Television and other media programmes would be subject to new rules as the moral policemen go about their religious duty for God. Hell-fire and brimstone would become a staple in the diet of indoctrination of the young and the larger society. I can already hear the loud protests of some that this could never happen in Jamaica. Well, Britain was not supposed to leave the European Union, but it did.
Perhaps what I have stated are worst-case scenarios. But, then again, I am not sure that they are, and hope to God that they would never be. Such attempts would be strongly resisted by the Jamaican people who love their freedom as mushroom does a rotting piece of wood.
If Jamaican Christians truly understood the powerful imperative of Christian love we would have a kinder and gentler society.
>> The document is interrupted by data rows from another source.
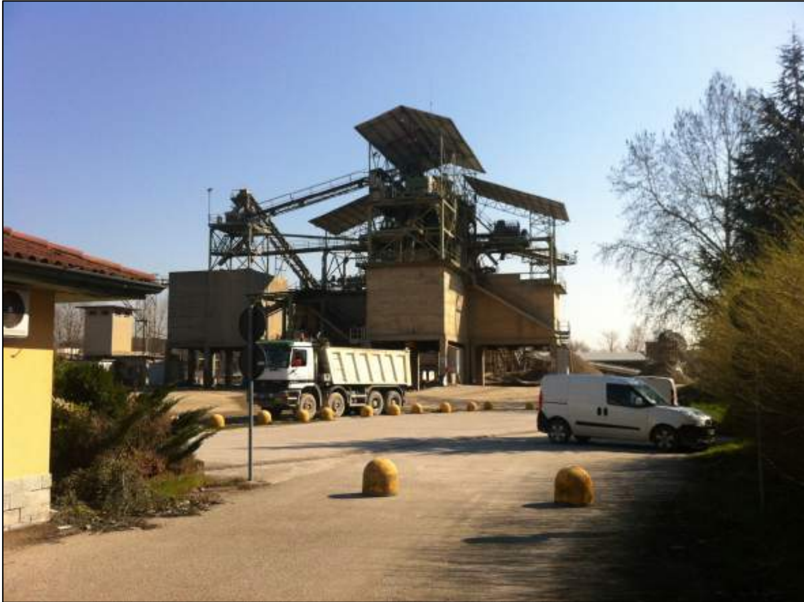
FOTO 28 - VEDUTA DELL'ATTUALE IMPIANTO PRODUTTIVO, VERSO EST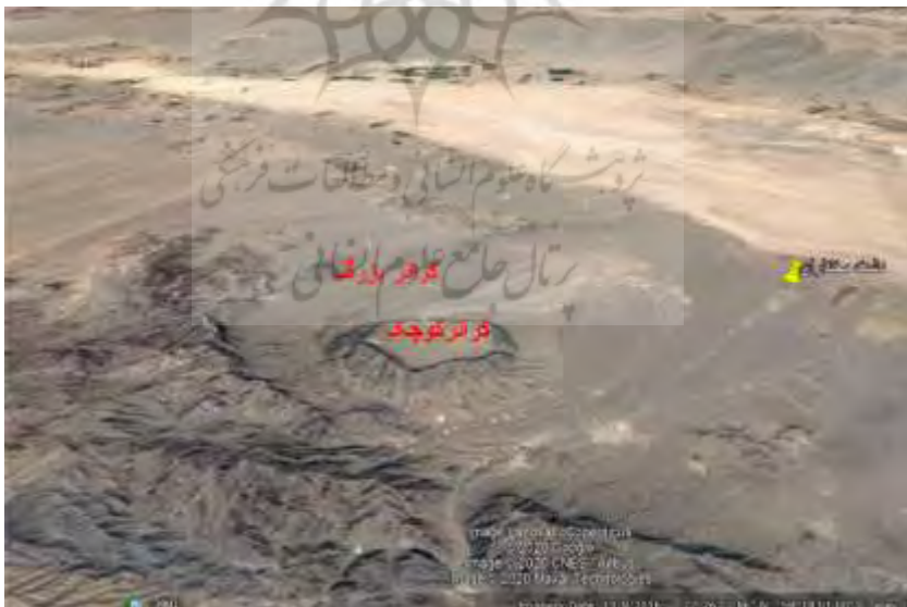
شکل ۶: کراتر آغل کوه در جنوب دشت مختاران و دق اکبرآباد

در حاشیه کفه و در قسمت مرکزی آن مجموعه سنگ‌های آذرین مشاهده می‌شود. مجموعه‌های آذرین از نظر سنی بیشتر متعلق به پالئوژن می‌باشند که بیشتر در جنوب کفه مختاران گسترش دارند. این مجموعه از نظر سنگ‌شناسی شامل میکرودیوریت، آندزیت بازال، داسیت و انواع توف می‌باشد. در بین این مجموعه سنگی دو ساختار زیبا در منطقه دیده می‌شود. یکی از این ساختارها به نام آغل گیوشاد شناخته می‌شود. آغل گیوشاد دارای ساختمانی مدور است و ترکیب سنگ‌شناسی آن میکرودیوریت می‌باشد که نزدیکی روستای گیوشاد قرار دارد. ساختار مشابه دیگری نیز در جنوب روستای هردنگ در جنوب کفه نیز مشاهده می‌شود که به نام آغل کوه مشهور است (شکل ۶). بنابر مطالعات انجام‌شده (Master et al., 2014, Khatib and zarrin koup, 2009) این ساختار ناشی از فروریزش یک قله آتشفشانی است. فرونشستن و ریزش فوقانی مخروط آتشفشان باعث ایجاد این نوع کراتر می‌گردد. به عبارت دیگر یک کراتر کوچک در داخل یک کراتر بزرگ‌تر قرار گرفته است. هر دو ساختار از پدیده‌های ژئوتوریسم جالب و منحصر به فرد در خراسان جنوبی محسوب می‌شوند.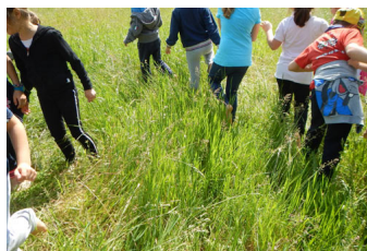
Poi lungo il percorso sensoriale ...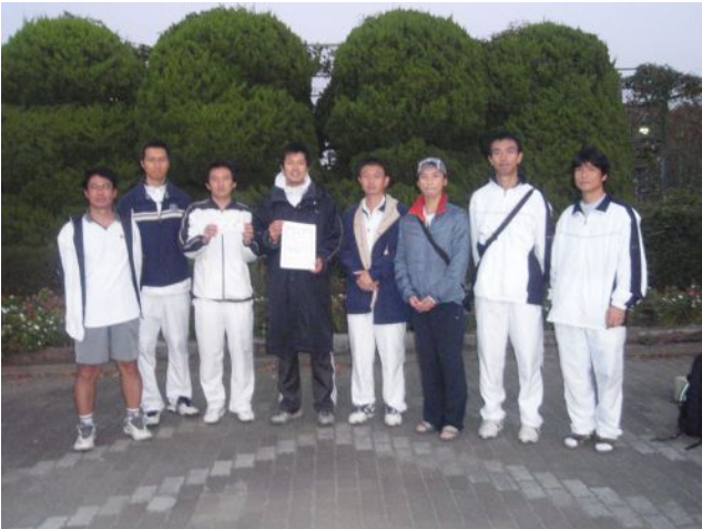
男子三位 NTT R&D (厚木市)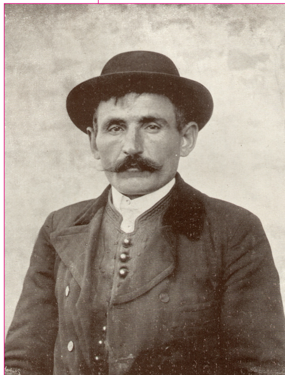
Asszonyviselet és férfiviselet. Ada. Borovszky: Magyarország vármegyéi, Bács-Bodrogh II.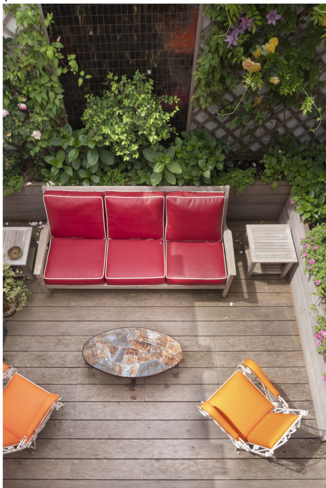
Composition murale avec les carrelages de Dominique Desimpel, table en fer forge chinée à la foire de Deulin en Belgique.

Composée de deux minuscules patios où le maître des lieux écoute pendant des heures le cri des mouettes ainsi que le son des cloches émanant de la maison communale à proximité.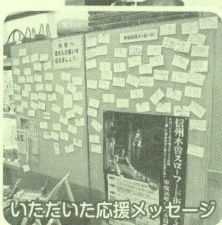
いただいた応援メッセージ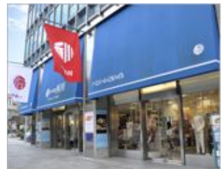
現在の「日本橋 西川」

400万円の「夢」福袋は、12月27日より「日本橋 西川」店頭に表示いたします。 ご取材をご希望の際は下記宛にご連絡ください。※12月27日以前のご取材も対応いたします。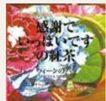
ウィーンの薔薇 (ローズ・ジャスミン・白桃・りんご)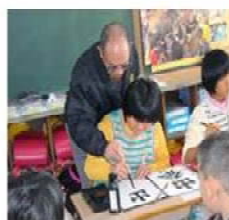
【書写指導の様子(魂沖野小)】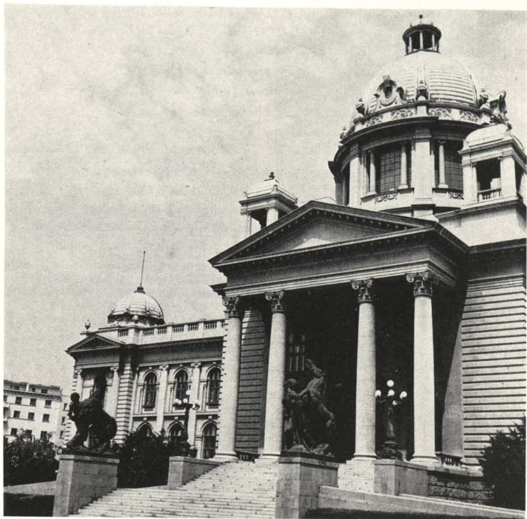
168. Skupština SFRJ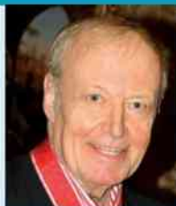
fol. A. Zawadzka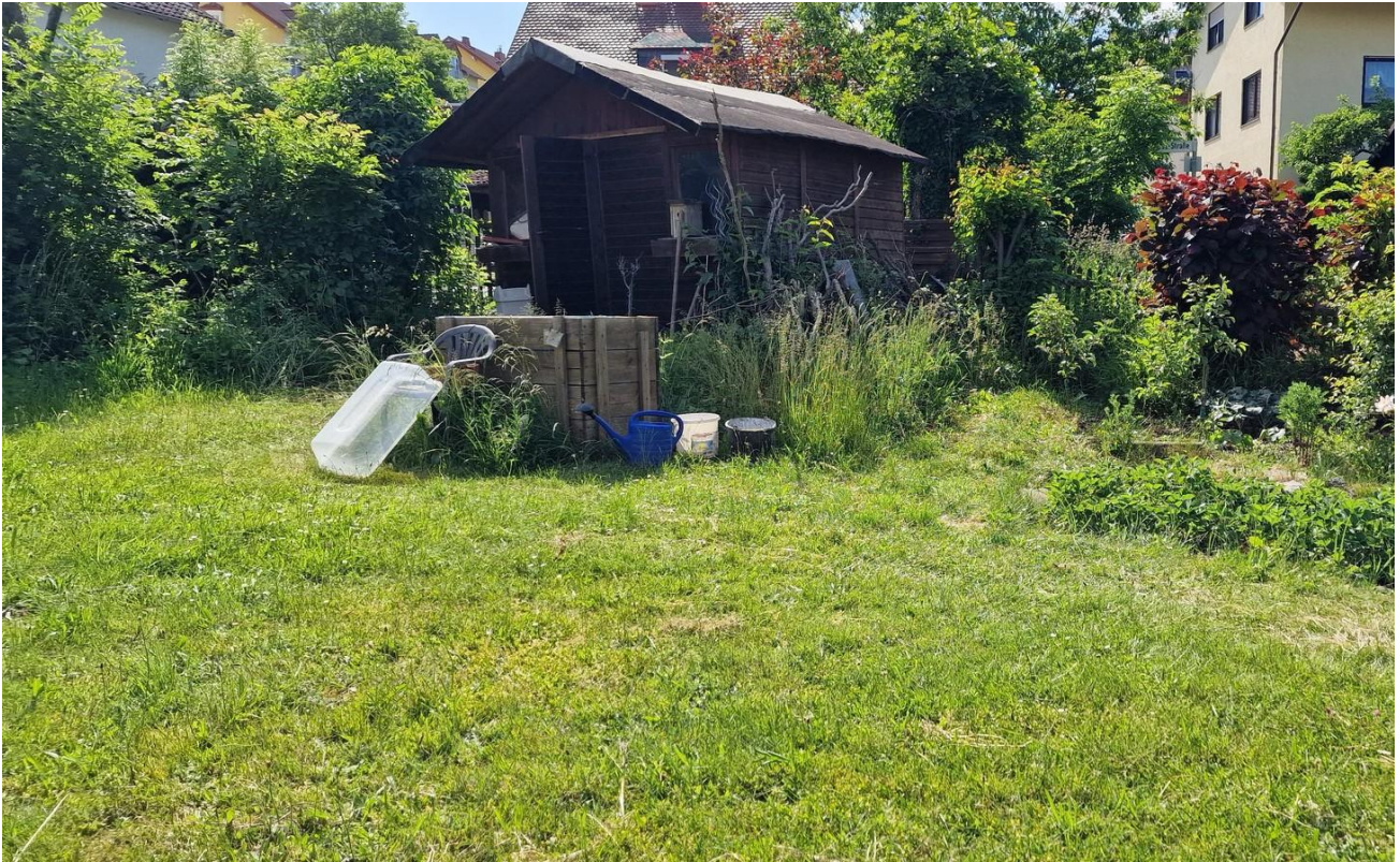
Garten mit Hütte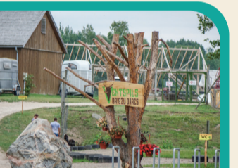
49 VENTSPĪLIO ELNĪŪ PARKAS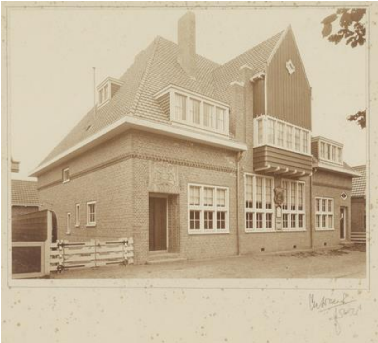
Historische foto van het voormalige postkantoor aan de Koningstraat, datum onbekend.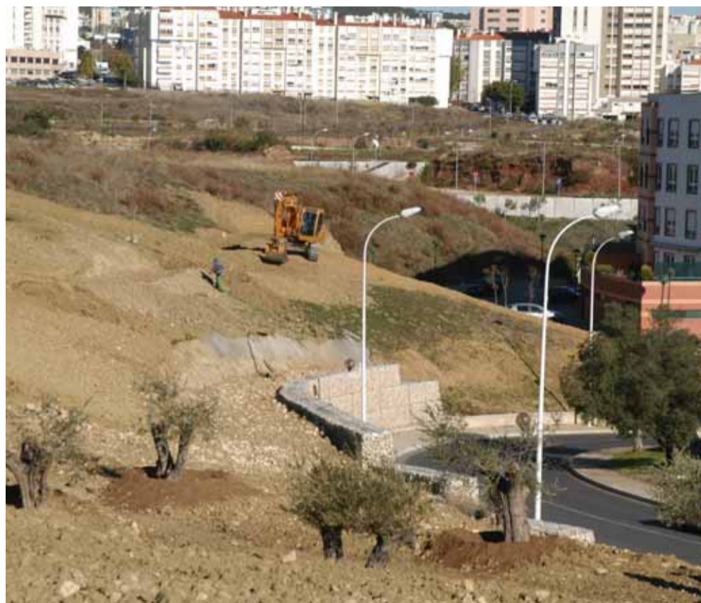
Arborização da área de enquadramento das traseiras da Rua da Eira, no Alto de Algés

Com a integração da área canina, pretende-se que os moradores, donos de cães, possam trazer os seus animais e soltá-los livremente, possibilitando-lhes a prática de exercício físico.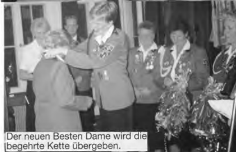
Der neuen Besten Dame wird die begehrte Kette übergeben.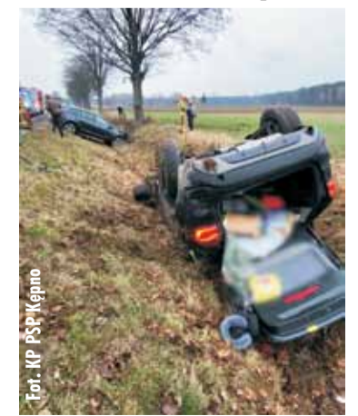
For. KP PSP Kępno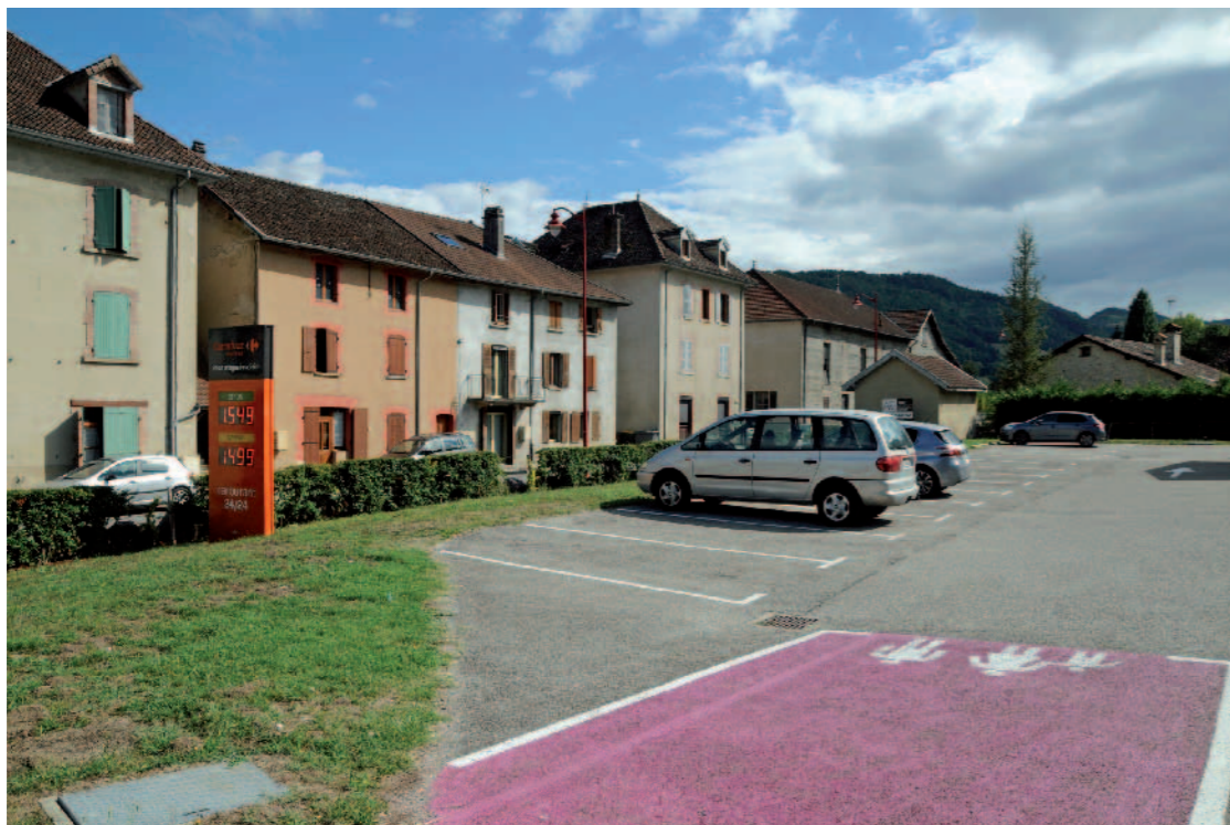
HAMEAU DE LA MARTINETTE Depuis zone industrielle de La Tuery, Saint-Geoire en Valdaine

If we really understood, as Paul stated so eloquently, that those who have been baptised in Christ have put on Christ, and that they are now new creatures in him, the scales would fall from our eyes as it did his, and we would see people more clearly in their humanity, develop new and more loving perspectives of people we meet in life, and fight valiantly to uphold the intrinsic value of every human being we meet. This is not something to wish for, but is an imperative of the unconditional love by which we have been seized, if indeed we have been seized.
At the risk of sounding judgemental I have discovered in my long years in the ministry that many who go to church are not seized of this urgency to love as Christ loved us and gave himself for us. Indeed, in one of his discourses with his disciples before he went to the cross, Jesus spelled out the basic criterion that those who would want to be his disciples should have: “By this all will know that you are my disciples, if you have love for one another.” (John 13: 35).
One is pleased that he did not say that it was the amount of times a person went to church that mattered. I am glad he did not say that it is how active we are in the church, or how much money we put in the collection plate that are the qualifying criteria. I am even more heartened that he did not say that people will know we are his disciples if we hold important positions in the church.
Many people are satisfied that it is their membership in a particular church or denomination that suffices. Over the years they have been fed on a diet that one only needs to go through the rituals (sacraments) of baptism and confirmation to have good standing before God. This is false teaching or belief, however highly we view these rituals. These mean nothing if we are not prepared to forgive the offending brother or sister, if we are not prepared to help someone in need even if, like the widow of Zarephath, we have only a little barley and oil in the cupboard. Christians have built mega-churches and have engaged in grandiose programmes, but yet the dial of real love has not been shifted to any remarkable degree.
The crisis of Christianity today is a crisis of identity, of really knowing who we are in Christ. I am firmly convinced that if we are to resolve this crisis we have to remove the encrustations of traditions and loyalty to denominational dogmas (the scales on our eyes) to see more clearly how we ought to behave as Christians who are constrained by the unconditional love in Christ. For this love moves us to seek the best and not the worst in the individual. It helps us to understand what the fault lines are in our own lives and the inadequacies that often cause us to stumble. Furthermore, it concretises for us the much hackneyed, but true expression, that there but for the grace of God, go I.